As the founding faculty of Community Partnership School (CPS) prepared to welcome our first classes of pre-kindergartners, kindergartners, and first graders, we focused not only on the practical details of opening a school, but on developing a sense of schoolwide community. We knew that the routines and traditions we established at CPS would be a key to this, and also to fulfilling our mission: Providing children from low-income families with an excellent and affordable elementary school education.
Involving families in the life of the school was important to us, so we developed a homework routine that included parents and guardians in a meaningful way. Each day our students brought home a book for an adult to read aloud to them. A homework sheet asked the adult to note which story they read, and also served as an informal way for teachers and parents to communicate.
This daily routine helped improve students’ literacy skills and homework habits, and it connected adult family members to their children’s classrooms. For students, it demonstrated that their home experiences mattered to their teachers, and that our school community included their families.
Another tradition we started right away was a weekly Community Meeting that included music, sharing, and news—much like the Morning Meetings held in classrooms. In our first few weeks, we focused on learning songs together, playing games to remember classmates’ and teachers’ names, and practicing school routines. Later, children shared their artwork, favorite poems, dinosaur facts, and other class projects.
We ended each Community Meeting with the Kindness Jar. Throughout the week, students and teachers dropped notes describing kind actions they had witnessed into a special jar. Each Friday at meeting, we heard about and applauded the kind behaviors of their peers: I saw a first grader get off the tire swing so that a kindergartner could have a turn; My milk spilled at lunch and everyone at the table helped me clean it up; I was sick for a whole week and Ms. B. sent me funny notes with my homework. Through this tradition, students learned to notice and appreciate kind behavior. They also learned that the CPS community valued and celebrated kindness.

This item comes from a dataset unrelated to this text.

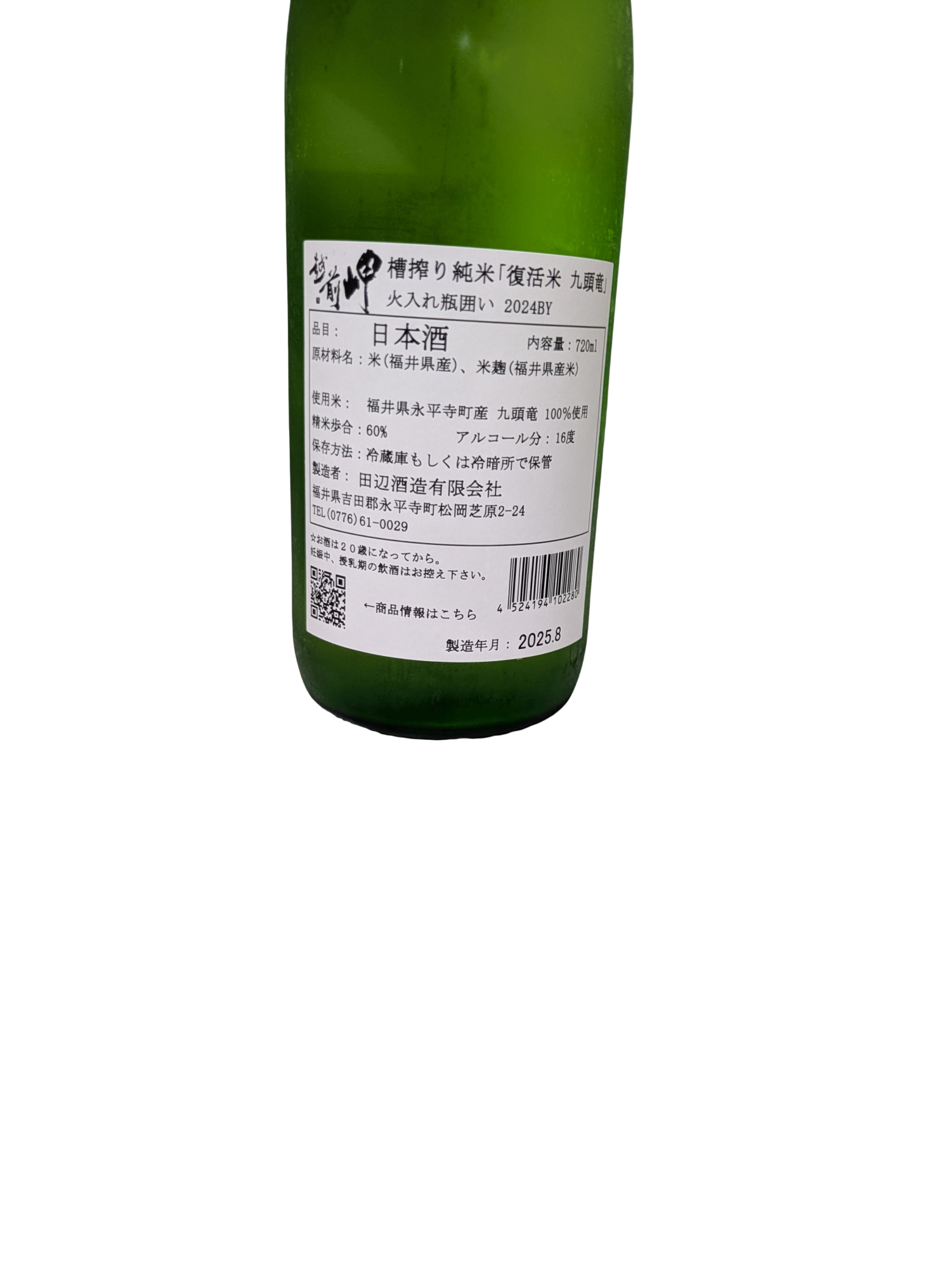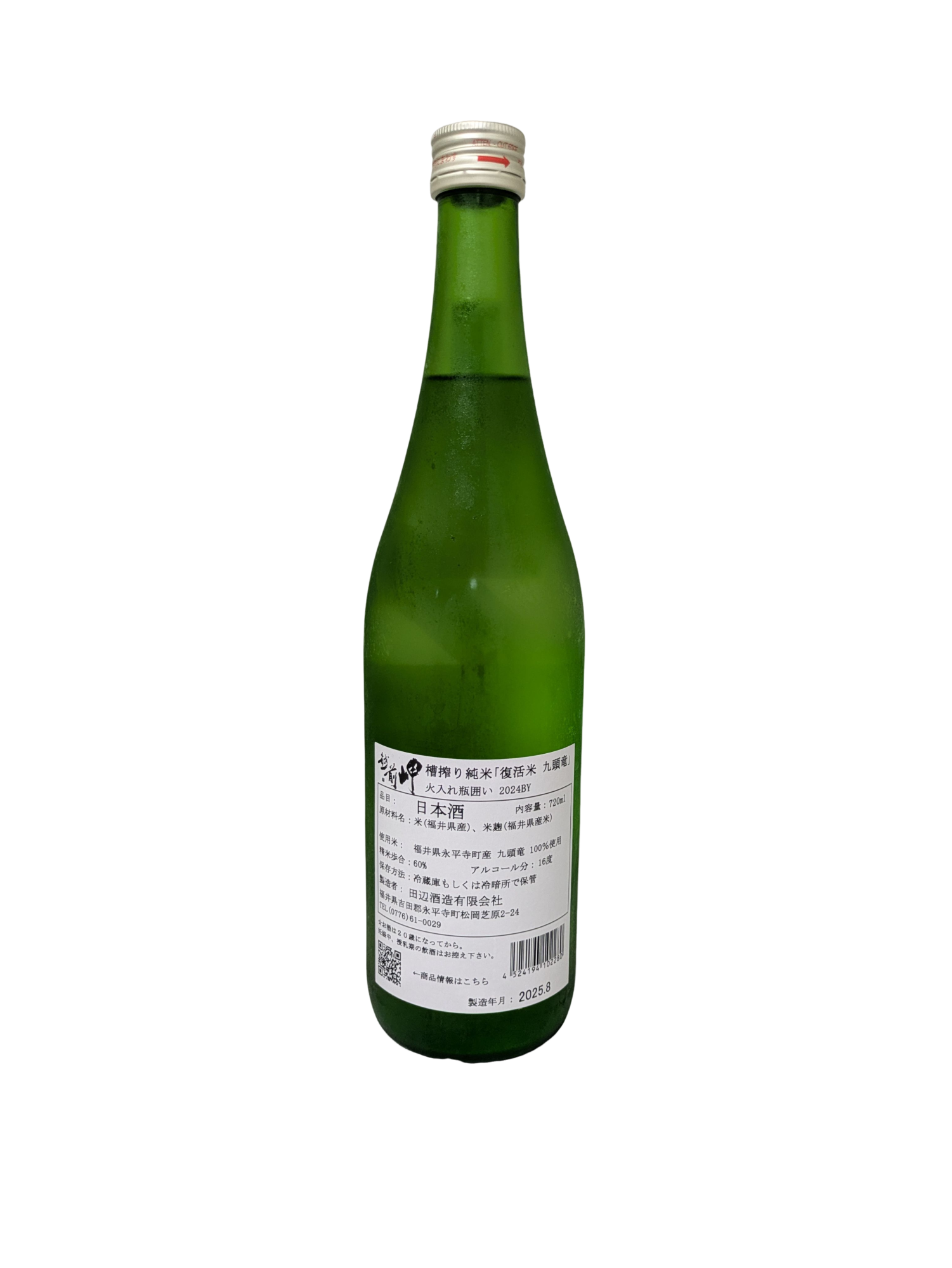 原料米:福井県永平寺町産「九頭竜」100%

A few months into the school year, we tried something different at a Community Meeting, and it later evolved into a schoolwide tradition of its own. The kindergarten teacher suggested that we devote one of our Community Meetings to a talent show. However, this would not be the type of talent show where a few children performed and everyone else watched—at our talent show, anyone could demonstrate any accomplishment.
In the next few days, the halls buzzed as children chatted eagerly about what they would share. At that first talent show almost all of our students performed. First graders read from their favorite books, and one child demonstrated a science experiment. Kindergartners drummed and recited familiar class poems. Singing and improvised dance were popular, with the audience often clapping along or joining in for the chorus. Two shy pre-K students simply stood up and showed puzzles they had recently completed. Another four-year-old decided that his talent would be balancing, and he proudly stood, one-legged, on a chair with a book on his head.

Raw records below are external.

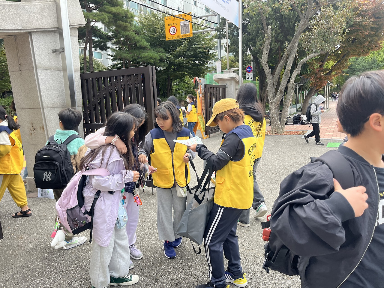 우리 친구들보다 일찍 출근하셔서 등굣길에 미쳐 응원을 못받으신
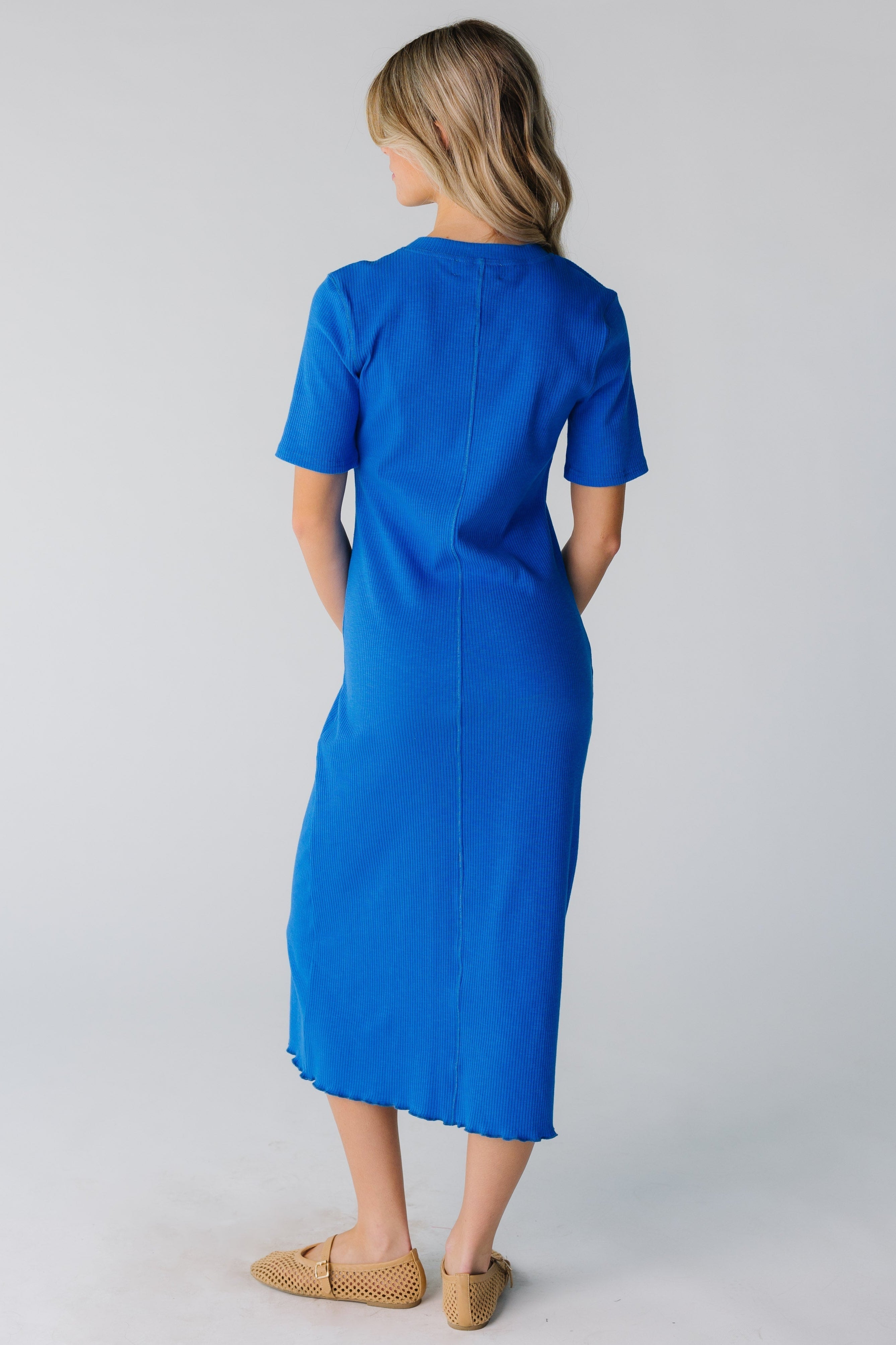 Brass & Roe Ribbed Midi Lettuce Hem Dress
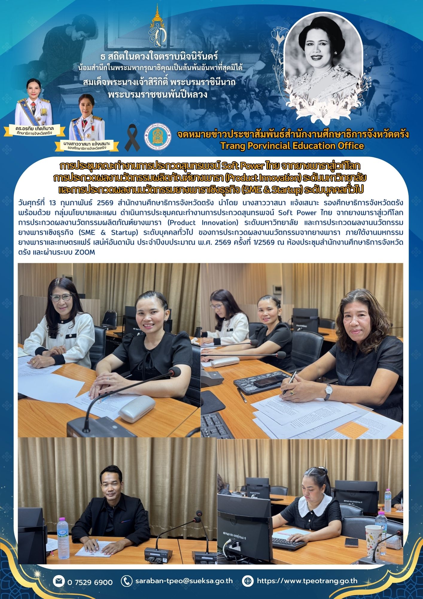 การประชุมคณะทำงานการประกวดสุนทรพจน์ Soft Power ไทย จากยางพาราสู่เวทีโลกการประกวดผลงานวัตกรรมผลิตภัณฑ์ยางพารา (Product Innovation) ระดับมหาวิทยาลัยและการประกวดผลงานนวัตกรรมยางพาราเชิงธุรกิจ (SME & Startup) ระดับบุคคลทั่วไป
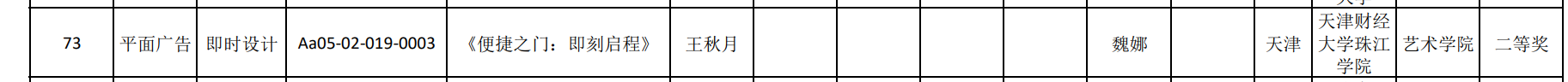 近日,第16届全国大学生广告艺术大赛天津赛区成绩公布,艺术学院艺术设计系韩姣老师所指导的学生孙超艺同学凭借作品《童年》在短视频类中获得二等奖,魏娜老师所指导的学生王秋月同学凭借作品《便捷之门:即刻启程》在平面广告类中获得二等奖。另外还有芮正佳、韩姣、魏娜老师指导的多件作品入围。
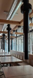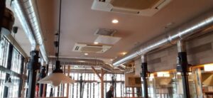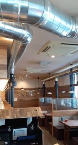 福工大駅前にオープンした「萬まる」九州一号店様では、全席に当社施工の上引きフードを導入し、煙が気にならない快適な空間を実現しました。店内で本格的な炭火焼肉を楽しんでいただけるよう、しっかりと煙を吸気・排気するだけでなく、配管を隠さずにあえてスタイリッシュに見せるデザインにもこだわっています。屋外の配管に至るまで丁寧に施工し、機能性とデザイン性を両立させた上質な店内環境をお届けいたします。
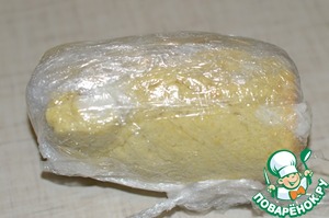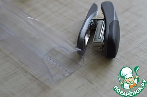 2. Один край плотно закрыть пищевой пленкой, форму поставить в стакан.
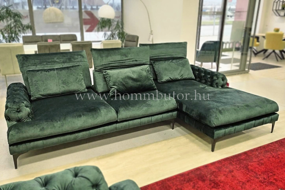 Tágas nappaliba, nagy méretekkel rendelkező ülőgarnitúra, a modern dizájnt kedvelőknek. A mély ülőfelület magas felhasználók vagy a felkucorodni vágyók számára nyújt megfelelő kényelmet. Jellegzetessége a fokozatosan állítható fejtámla és a kézzel állítható háttámla. Egyedisége a melytűzött Chesterfield hangulatú karfa. Válaszd ezt a modellt ha egy különleges, elegáns bútora vágysz. Az ülőfelület kényelmét a nagy rugalmasságú kárpitheveder, plusz memóriahabpárna biztosítja.
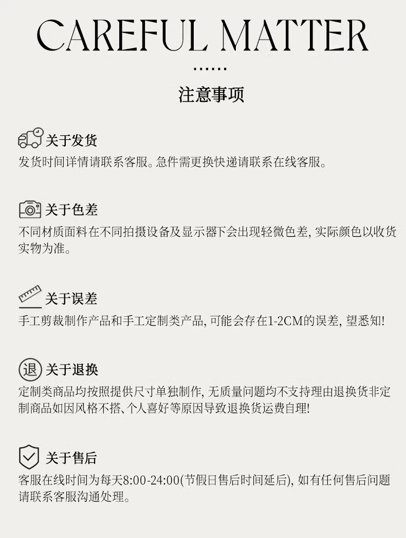 • 다른 사이즈 맞춤 제작, 매장 전체 상담 고객 서비스(반품이나 교환 불가)
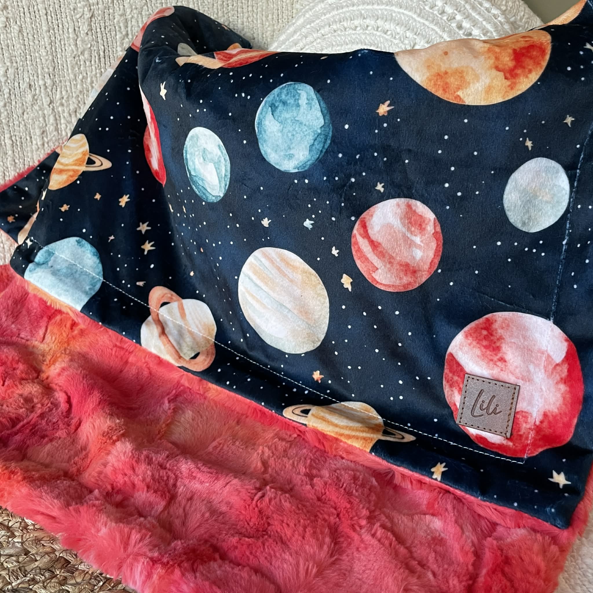 Découvrir notre couverture vous ouvre à un univers de réconfort. Le côté motif en minky est d'une douceur infinie et peut être doublé à l'endos de fourrure synthétique de la plus haute qualité sur le marché (aussi doux qu'un nuage) ou encore d'un tissu minky dot réconfortant. Plus qu'une simple couverture, elle deviendra la doudou de votre petit et il voudra la traîner partout avec lui.

At that talent show the founding faculty of CPS saw that the welcoming, supportive school community we’d dreamed of had become real. All of the children, as performers and audience members, were demonstrating curiosity, compassion, and courage—the “3 Cs” that are the framework of Community Partnership School’s Code of Conduct.
Now that Community Partnership School is entering its fifth year, some of our traditions have changed. We altered the homework routine for older students who read more independently—their parents sign their homework sheets each night, but they aren’t asked to read to them. As the number of students in the school increased, we stopped doing the Kindness Jar at Community Meeting and made it a classroom tradition instead. We also started having fourth graders plan the program for Community Meeting and take turns as Master of Ceremonies. These changes are positive; they reflect the school’s growth. Our challenge going forward will be to nurture the intimate, welcoming environment we’ve created, even as we continue to expand.
Katie Jamieson was a founding faculty member at Community Partnership School in Philadelphia, PA. She taught pre-kindergarten and served as Director of Academic Programs until 2009. CPS, an independent school, was created through a partnership between Germantown Academy and Project H.O.M.E.